- **AVAILABLE DATA**:
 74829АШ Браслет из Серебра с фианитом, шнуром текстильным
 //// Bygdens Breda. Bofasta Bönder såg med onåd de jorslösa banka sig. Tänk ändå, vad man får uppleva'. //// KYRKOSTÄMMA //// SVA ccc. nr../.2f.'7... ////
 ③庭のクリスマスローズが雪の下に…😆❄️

==

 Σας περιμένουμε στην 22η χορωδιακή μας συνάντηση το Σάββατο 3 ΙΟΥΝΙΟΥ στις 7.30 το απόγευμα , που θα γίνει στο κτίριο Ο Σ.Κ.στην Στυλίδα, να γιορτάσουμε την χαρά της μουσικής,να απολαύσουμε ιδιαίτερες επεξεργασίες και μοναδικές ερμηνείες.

==

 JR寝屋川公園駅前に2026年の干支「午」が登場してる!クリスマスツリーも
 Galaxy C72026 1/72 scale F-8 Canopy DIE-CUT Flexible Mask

- **TASK OBJECTIVE**: With the line that has "74829АШ Браслет из" as the first and the line that has "③庭のクリスマスローズが雪の下に…😆❄️" as the last, repeat exactly that run of lines above and no more.

- **EXERCISE SOLUTION**:
 74829АШ Браслет из Серебра с фианитом, шнуром текстильным
 //// Bygdens Breda. Bofasta Bönder såg med onåd de jorslösa banka sig. Tänk ändå, vad man får uppleva'. //// KYRKOSTÄMMA //// SVA ccc. nr../.2f.'7... ////
 ③庭のクリスマスローズが雪の下に…😆❄️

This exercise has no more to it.